- Directed by: Dibakar Das Roy
- Written by: Dibakar Das Roy
- Produced by: Reeligion Films
- Starring: Samuel Abiola Robinson
- Cinematography: Kartik Parmar
- Edited by: Manendra Singh Lodhi
- Music by: Utkarsh Dhotekar
- Distributed by: Panorama Studios
- Release dates: November 2023 (Mami); 30 May 2025 (Worldwide);
- Country: India
- Languages: English Hindi

= Dilli Dark =

Indian drama film

 Dilli Dark is a 2025 Indian English-Hindi-bilingual language drama film directed by Dibakar Das Roy and starring Samuel Abiola Robinson, Geetika Vidya Ohylan and Shantanu Anam. The film was initially released in 2023 at various film festivals. Dilli Dark had its global theatrical release on May 30, 2025.

==Plot==
Adorable African outsider Michael Okeke left Nigeria six years ago to survive in the frequently disconnected and overcrowded New Delhi, a city with which he has a bittersweet relationship. He dreams of true love and a better job but is pushed into the 4 C-s: cell phone, cocaine, cash, and clients.

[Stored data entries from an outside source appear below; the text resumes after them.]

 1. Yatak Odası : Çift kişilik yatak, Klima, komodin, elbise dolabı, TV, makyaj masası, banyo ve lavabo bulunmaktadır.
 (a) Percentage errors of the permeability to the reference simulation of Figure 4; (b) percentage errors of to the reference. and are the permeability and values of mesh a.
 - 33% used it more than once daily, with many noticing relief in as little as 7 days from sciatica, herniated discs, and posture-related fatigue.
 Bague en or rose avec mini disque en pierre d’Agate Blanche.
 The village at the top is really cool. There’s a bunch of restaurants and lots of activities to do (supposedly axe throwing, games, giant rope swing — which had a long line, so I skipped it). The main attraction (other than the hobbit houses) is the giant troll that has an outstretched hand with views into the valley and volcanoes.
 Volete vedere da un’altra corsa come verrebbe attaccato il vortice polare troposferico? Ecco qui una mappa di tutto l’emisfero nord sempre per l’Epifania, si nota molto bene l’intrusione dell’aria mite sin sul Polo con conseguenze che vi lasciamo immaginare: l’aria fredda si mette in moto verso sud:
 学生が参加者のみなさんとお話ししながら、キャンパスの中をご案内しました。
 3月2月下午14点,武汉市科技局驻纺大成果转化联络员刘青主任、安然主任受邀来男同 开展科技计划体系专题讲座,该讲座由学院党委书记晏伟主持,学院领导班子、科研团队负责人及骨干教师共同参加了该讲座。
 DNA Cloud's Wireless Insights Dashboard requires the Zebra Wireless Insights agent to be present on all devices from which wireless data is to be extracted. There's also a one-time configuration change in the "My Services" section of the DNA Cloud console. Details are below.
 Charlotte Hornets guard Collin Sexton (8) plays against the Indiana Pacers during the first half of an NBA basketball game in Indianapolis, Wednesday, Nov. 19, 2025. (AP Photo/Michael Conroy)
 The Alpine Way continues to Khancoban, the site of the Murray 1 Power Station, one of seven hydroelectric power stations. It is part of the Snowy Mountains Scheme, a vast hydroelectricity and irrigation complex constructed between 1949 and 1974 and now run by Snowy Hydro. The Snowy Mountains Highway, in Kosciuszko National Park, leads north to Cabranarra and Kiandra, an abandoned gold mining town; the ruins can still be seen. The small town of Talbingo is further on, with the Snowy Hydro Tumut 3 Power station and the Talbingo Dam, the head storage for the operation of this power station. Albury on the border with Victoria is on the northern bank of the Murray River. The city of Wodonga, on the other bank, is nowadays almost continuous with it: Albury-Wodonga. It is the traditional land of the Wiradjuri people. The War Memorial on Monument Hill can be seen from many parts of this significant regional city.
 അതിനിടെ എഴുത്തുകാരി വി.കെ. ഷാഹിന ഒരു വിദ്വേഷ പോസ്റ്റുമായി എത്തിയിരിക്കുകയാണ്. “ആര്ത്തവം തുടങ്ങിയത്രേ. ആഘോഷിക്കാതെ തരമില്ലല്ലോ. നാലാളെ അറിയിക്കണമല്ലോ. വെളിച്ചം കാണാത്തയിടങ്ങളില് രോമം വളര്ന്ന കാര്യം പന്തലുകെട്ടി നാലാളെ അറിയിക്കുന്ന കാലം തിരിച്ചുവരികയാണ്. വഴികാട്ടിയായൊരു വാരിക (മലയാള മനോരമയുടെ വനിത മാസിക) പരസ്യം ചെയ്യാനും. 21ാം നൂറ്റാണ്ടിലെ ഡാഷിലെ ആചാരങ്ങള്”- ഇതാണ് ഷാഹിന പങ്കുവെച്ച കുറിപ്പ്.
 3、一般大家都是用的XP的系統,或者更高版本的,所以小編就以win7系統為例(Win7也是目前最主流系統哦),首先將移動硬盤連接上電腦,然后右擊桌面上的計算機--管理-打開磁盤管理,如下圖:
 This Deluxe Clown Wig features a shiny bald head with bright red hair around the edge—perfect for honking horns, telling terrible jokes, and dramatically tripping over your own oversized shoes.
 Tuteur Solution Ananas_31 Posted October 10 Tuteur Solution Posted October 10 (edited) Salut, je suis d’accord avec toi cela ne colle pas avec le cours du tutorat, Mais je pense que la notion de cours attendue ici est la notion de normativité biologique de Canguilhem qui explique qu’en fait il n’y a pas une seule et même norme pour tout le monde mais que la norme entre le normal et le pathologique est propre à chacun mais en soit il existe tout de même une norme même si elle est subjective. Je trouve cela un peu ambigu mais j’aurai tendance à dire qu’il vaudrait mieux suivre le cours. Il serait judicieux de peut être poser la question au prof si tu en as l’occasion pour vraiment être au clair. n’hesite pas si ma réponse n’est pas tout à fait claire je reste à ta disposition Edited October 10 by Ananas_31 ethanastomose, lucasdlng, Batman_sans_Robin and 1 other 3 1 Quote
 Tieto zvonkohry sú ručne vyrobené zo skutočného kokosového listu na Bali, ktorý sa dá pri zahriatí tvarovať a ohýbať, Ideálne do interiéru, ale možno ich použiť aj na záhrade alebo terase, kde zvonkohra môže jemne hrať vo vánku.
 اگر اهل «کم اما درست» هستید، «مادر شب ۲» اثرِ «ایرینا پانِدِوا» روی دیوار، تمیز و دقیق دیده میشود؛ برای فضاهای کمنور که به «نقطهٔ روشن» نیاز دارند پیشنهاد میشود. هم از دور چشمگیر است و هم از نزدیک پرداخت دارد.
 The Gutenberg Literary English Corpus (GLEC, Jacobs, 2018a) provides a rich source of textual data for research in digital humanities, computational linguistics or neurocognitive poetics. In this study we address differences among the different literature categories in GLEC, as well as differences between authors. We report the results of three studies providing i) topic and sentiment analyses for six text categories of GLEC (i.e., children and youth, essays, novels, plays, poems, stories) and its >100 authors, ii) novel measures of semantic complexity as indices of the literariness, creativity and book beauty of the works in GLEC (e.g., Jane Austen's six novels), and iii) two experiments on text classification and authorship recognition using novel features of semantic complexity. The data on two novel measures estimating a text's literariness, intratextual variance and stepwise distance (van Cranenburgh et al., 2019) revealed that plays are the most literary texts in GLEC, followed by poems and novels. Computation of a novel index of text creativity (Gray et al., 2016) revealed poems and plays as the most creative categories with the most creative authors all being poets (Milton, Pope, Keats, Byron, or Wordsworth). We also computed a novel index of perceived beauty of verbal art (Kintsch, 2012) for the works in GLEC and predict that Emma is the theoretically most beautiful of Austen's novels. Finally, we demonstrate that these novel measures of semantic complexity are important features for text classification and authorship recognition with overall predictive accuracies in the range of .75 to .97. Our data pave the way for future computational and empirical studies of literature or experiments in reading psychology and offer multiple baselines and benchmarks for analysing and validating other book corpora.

The film follows Michael Okeke, a Nigerian living in Delhi, who tries to overcome racism and stereotypes while searching for stable employment and a better life in the city.

== Cast ==
- Samuel Abiola Robinson as Michael "Mike" Okeke
- Geetika Vidya Ohylan as Mansi
- Shantanu Anam as Debu
- Stutee Ghosh

== Production ==
The film began production at the end of 2020. The project was selected for NFDC Work-in-progress Lab. The film was shot in 2021.

== Themes and influences ==
The director incorporated Queen Razia Sultana's love story with the struggles of the protagonist since she was speculated to be in love with an African, which was not acceptable in society at that time.

== Release ==
The film debuted at the MAMI festival in November 2023 and the Tallinn Black Nights Film Festival later that month. The film was the closing feature at the 31st New York African Film Festival in May 2024.

== Reception ==
=== Critical response ===
Dilli Dark premiered at film festivals in 2023 before its global theatrical release in May 2025, receiving generally positive reviews from critics.

==== Festival screenings (2023) ====
At the Tallinn Black Nights Film Festival:
- Dirty Movies rated the film 4/5, calling it "an impressively inventive work, one that reveres and chastises India in equal measure".
- Eye For Film rated it 3/5 stars, noting that it "wraps this [racism] issue up within a boisterous, if unruly, comedy" while suggesting that "streamlining the plot would have helped to keep the pace from flagging".

The film served as the closing feature at the 31st New York African Film Festival in May 2024.

==== Theatrical release (2025) ====
Following its global release on 30 May 2025:
- The Times of India (3.5/5) praised "its strong messaging layered with satire"
- The Hollywood Reporter India highlighted it as "a neat black comedy with Delhi-shaped angst"
- Outlook India described it as "a refreshing caricature piercing racial prejudices"
- The New Indian Express noted its exploration of "outsider syndrome", calling it "a film about dark horses that subvert expectations"
- Scroll.in offered a mixed perspective, describing it as "an occasionally sharp, scattershot comedy about prejudice"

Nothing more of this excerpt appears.